Task to complete: Reproduce the lines below exactly. Begin with the first, end with the line containing "Collection of assorted", and leave out the pictures.

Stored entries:
* * *

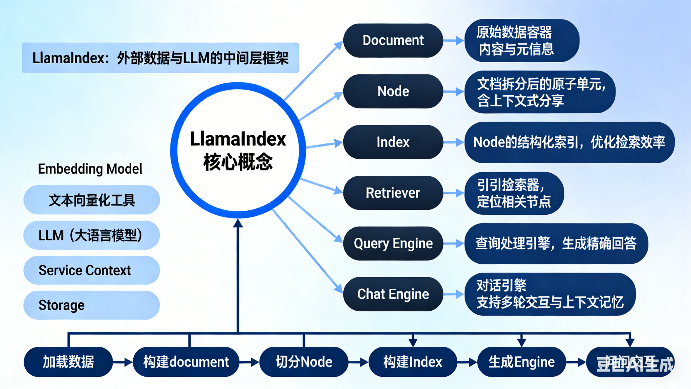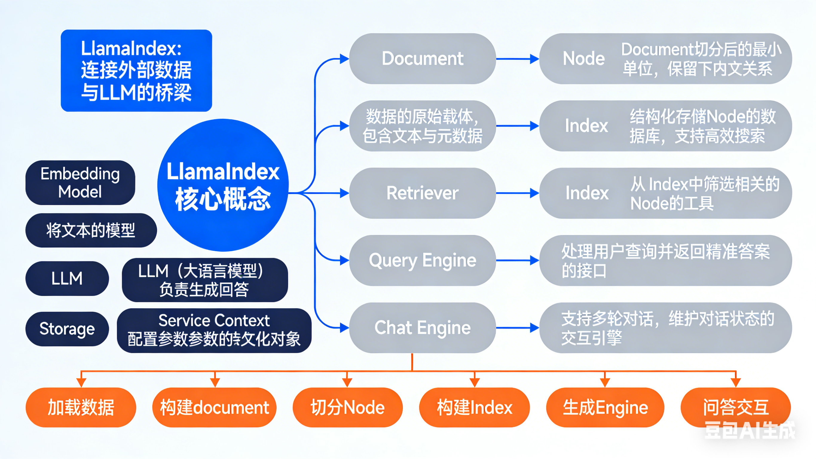 └─ 核心流程 :加载数据→构建Document→切分Node→构建Index→生成Engine→问答交互
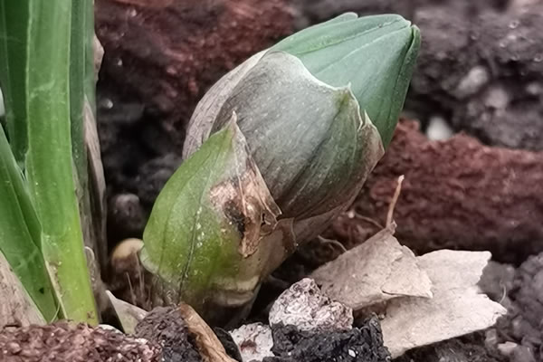 绿云的花蕾形似木鱼锤,浑圆,端正。苞壳水银红色,上缀紫红粗疏条纹,锋尖有绿沙晕;苞片阔大,淡绿色,绿彩浓艳,沙晕如雾全包花蕾,花蕾形似木鱼锤,有绿沙晕。绿云花葶较矮,约6~8厘米,花梗粗圆,紫红色,顶节渐转淡绿色。绿云着花1~2朵,易出双花。其花朵中等大小,花直径约5~5.5厘米,一朵在正面,另一朵在侧面或反面,多姿多彩,变幻莫测。其花瓣短圆,紧边,收根放角,花瓣通常不厚,极似荷花花瓣,花色湖绿,十分娇艳。花瓣可增生至4~6枚,有时花瓣上会出现蝶化,蝶化部分有的向内卷曲,上缀紫红色点斑纹,非常美丽。
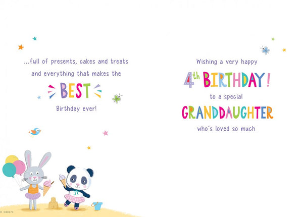 Celebrate your Granddaughter’s 4th birthday with this cute Granddaughter age 4 birthday card. This Granddaughter 4th birthday card features a cute design with a full colour insert. This Granddaughter 4th birthday card is produced in England.
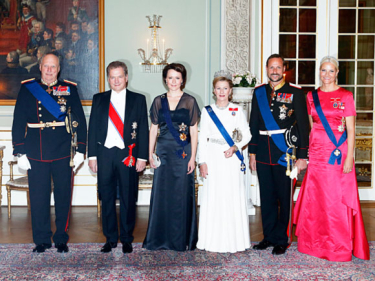In the evening, King Harald and Queen Sonja hosted a gala banquet for 193 guests at the Royal Palace for President Sauli Niinistö and Mrs Jenni Haukio. Crown Prince Haakon and Crown Princess Mette-Marit were also in attendance. King Harald and President Niinistö both spoke during the banquet. The King’s speech is published on this website.
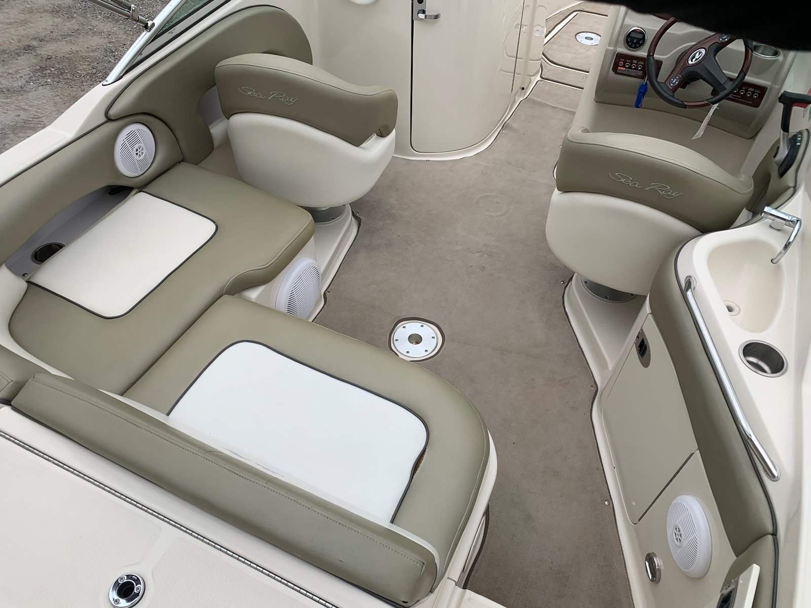 This Sea Ray is powered by a 5.0L V8 engine and Bravo Three drive that moves this boat at exhilarating speeds.
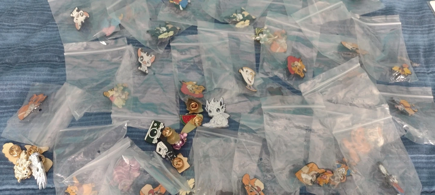 Collection of assorted enamel pins featuring various characters. Each pin is individually bagged and ready to be displayed or worn. These collectible pins come in a variety of fun designs. 10 for $5. Great to add that touch to s Party favor bag, Gift Bag and Gift Basket.
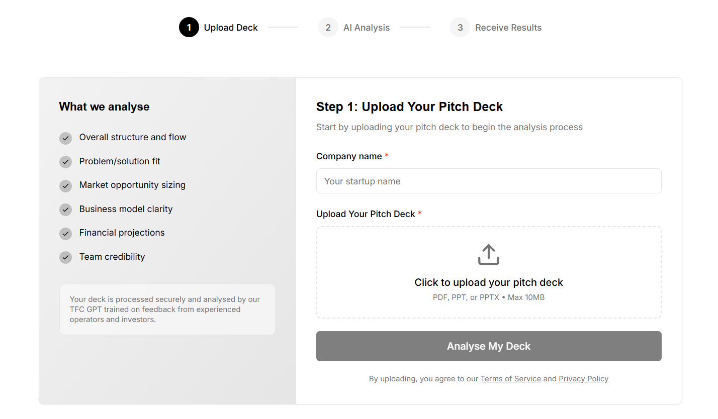 You upload your deck, PDF or PPT, and the tool analyses it in under a minute across the exact filters I use when assessing an early-stage company: narrative structure, problem clarity, market depth, business model logic, financial signals, and team execution indicators.

* * *

Result of the exercise:
 └─ 核心流程 :加载数据→构建Document→切分Node→构建Index→生成Engine→问答交互
 绿云的花蕾形似木鱼锤,浑圆,端正。苞壳水银红色,上缀紫红粗疏条纹,锋尖有绿沙晕;苞片阔大,淡绿色,绿彩浓艳,沙晕如雾全包花蕾,花蕾形似木鱼锤,有绿沙晕。绿云花葶较矮,约6~8厘米,花梗粗圆,紫红色,顶节渐转淡绿色。绿云着花1~2朵,易出双花。其花朵中等大小,花直径约5~5.5厘米,一朵在正面,另一朵在侧面或反面,多姿多彩,变幻莫测。其花瓣短圆,紧边,收根放角,花瓣通常不厚,极似荷花花瓣,花色湖绿,十分娇艳。花瓣可增生至4~6枚,有时花瓣上会出现蝶化,蝶化部分有的向内卷曲,上缀紫红色点斑纹,非常美丽。
 Celebrate your Granddaughter’s 4th birthday with this cute Granddaughter age 4 birthday card. This Granddaughter 4th birthday card features a cute design with a full colour insert. This Granddaughter 4th birthday card is produced in England.
In the evening, King Harald and Queen Sonja hosted a gala banquet for 193 guests at the Royal Palace for President Sauli Niinistö and Mrs Jenni Haukio. Crown Prince Haakon and Crown Princess Mette-Marit were also in attendance. King Harald and President Niinistö both spoke during the banquet. The King’s speech is published on this website.
 This Sea Ray is powered by a 5.0L V8 engine and Bravo Three drive that moves this boat at exhilarating speeds.
 Collection of assorted enamel pins featuring various characters. Each pin is individually bagged and ready to be displayed or worn. These collectible pins come in a variety of fun designs. 10 for $5. Great to add that touch to s Party favor bag, Gift Bag and Gift Basket.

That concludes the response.